*Task prompt*: From the material below, copy exactly the lines beginning with the one that contains "Slices of grilled" and ending with the one that contains "pinnhanddusch, duschslang, duschhållare"; the pictures stay out.

*** Available records Section Begins ***

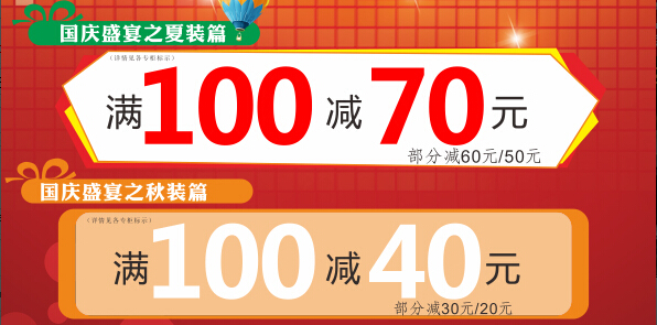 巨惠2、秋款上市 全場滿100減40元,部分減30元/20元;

*** Available records Section Ends ***
*** Available records Section Begins ***

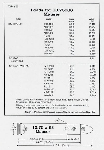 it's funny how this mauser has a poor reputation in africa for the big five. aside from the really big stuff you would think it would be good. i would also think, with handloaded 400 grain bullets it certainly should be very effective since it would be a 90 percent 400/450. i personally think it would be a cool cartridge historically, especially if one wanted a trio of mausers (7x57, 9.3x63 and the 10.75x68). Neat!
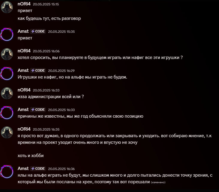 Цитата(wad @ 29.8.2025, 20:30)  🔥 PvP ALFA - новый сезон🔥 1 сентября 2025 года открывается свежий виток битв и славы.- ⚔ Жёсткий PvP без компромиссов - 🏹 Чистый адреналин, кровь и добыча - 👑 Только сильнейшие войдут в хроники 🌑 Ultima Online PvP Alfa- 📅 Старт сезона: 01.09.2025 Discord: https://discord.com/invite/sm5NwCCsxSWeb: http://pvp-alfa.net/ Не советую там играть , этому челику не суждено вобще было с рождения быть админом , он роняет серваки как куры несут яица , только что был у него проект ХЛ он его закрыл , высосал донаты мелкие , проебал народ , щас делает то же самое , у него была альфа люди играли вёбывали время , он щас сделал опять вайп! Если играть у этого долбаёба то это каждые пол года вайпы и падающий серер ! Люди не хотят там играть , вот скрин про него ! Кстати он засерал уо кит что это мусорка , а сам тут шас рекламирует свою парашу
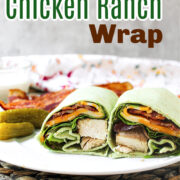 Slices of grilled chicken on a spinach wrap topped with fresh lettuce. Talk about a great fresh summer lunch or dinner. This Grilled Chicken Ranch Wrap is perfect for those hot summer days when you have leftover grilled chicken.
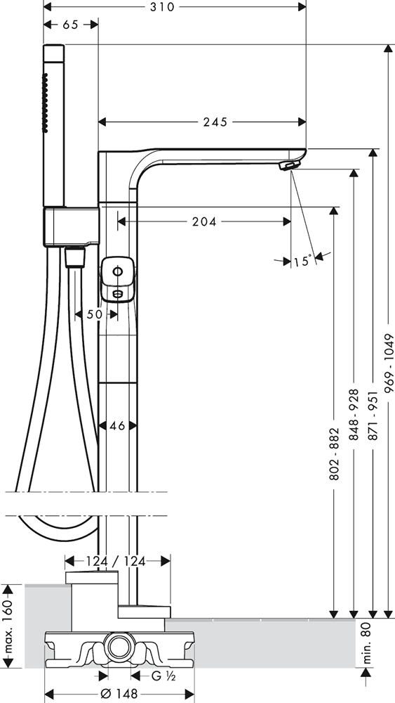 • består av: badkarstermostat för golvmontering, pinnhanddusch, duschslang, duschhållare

*** Available records Section Ends ***

*Reply to the task*:
 Slices of grilled chicken on a spinach wrap topped with fresh lettuce. Talk about a great fresh summer lunch or dinner. This Grilled Chicken Ranch Wrap is perfect for those hot summer days when you have leftover grilled chicken.
 • består av: badkarstermostat för golvmontering, pinnhanddusch, duschslang, duschhållare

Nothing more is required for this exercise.